Looking for gains in oil? Take your time
I’ve been watching the news from the energy patch for quite a while, but never more intently than I have in the past couple of years.
There are reputable bears that predict $13 barrels of oil and rosy optimists that swear oil will be $100 a barrel by Christmas.
I’m not interested in joining anyone’s camp. I look at the facts and see if there’s a trend. And then I determine whether it’s a short-term or long-term trend. Only then do I start to look for opportunities as an investor, not a trader.
One thing you learn very early on in the investing game is that it’s very dangerous to call a bottom. But I’m calling the bottom for oil now.
While this doesn’t mean you should go out and buy any energy stocks you can find, it does mean there seems to be a number of short-term and intermediate-term factors that indicate that, barring some massive global economic surprise, oil will find its level around $50 a barrel for now.
Yes, it may sink into the low $40s or test $60, but at $50 a barrel one thing is true: U.S. producers can make money again.
What proof do I have? Well regarding U.S. producers there are three pieces of news that reinforce this view. First, U.S. rig counts have been up for two consecutive months. That means prices are close enough to break even to get the rigs back in production.

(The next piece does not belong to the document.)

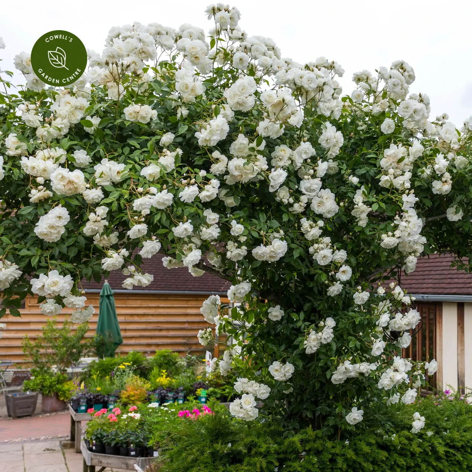 Its long flowering season, combined with glossy green foliage and a light fragrance, makes it one of the most popular white climbing roses. Perfect for walls, arches, or pergolas, where it will provide months of elegant colour and charm.

Second, fires in Canada’s oil sands region and violence in Nigeria has taken that supply off the market during the most demand-heavy season in the Northern Hemisphere.
Third, it’s been reported that Saudi Arabia’s export revenues dropped by half in 2015. Saudi Arabia produces the cheapest oil in the world, but even it can’t sustain that kind of revenue loss. The U.S. Energy Information Agency states that in 2015 Saudi Arabia saw oil revenues of $130 billion. In 2014, revenues were $247 billion. These are the lowest revenues earned by the Kingdom of Saudi Arabia since 2010.
There’s no way the Saudis can sustain this overproduction. They are funding wars in Syria and Yemen and trying to keep its own population calm. None have any end in sight.
It would be in the Kingdom’s interest to move prices higher in order to pay for everything it needs to remain in power, both internally and in the global picture of OPEC.
There’s also the fact that Marathon just bought an Oklahoma-Kansas focused energy producer for $888 million. Devon Energy also recently bought Pioneer Natural Resources for $858 million. Big players are starting to snap up weaker players that can’t buy any more time from the banksters or investors.
They don’t buy until the bottom is near. As a matter of fact, it’s this kind of action that determines a bottom.
But don’t get too excited. Just because oil will stabilize doesn’t mean the price will bring the boom times back.
That will take time.
For now, it means that we watch the energy markets, see how global growth is progressing and see if merger and acquisition activity picks up.
Then, after another quarter or two, we can start to move back into midstream plays that are structured as master limited partnerships (MLPs). They treat investors as partners and throw off profits as dividends. Midstream firms are basically pipeline companies that are toll takers on the energy highway.
As reserves fall and demand grows the pipeline companies will be the first to see real gains.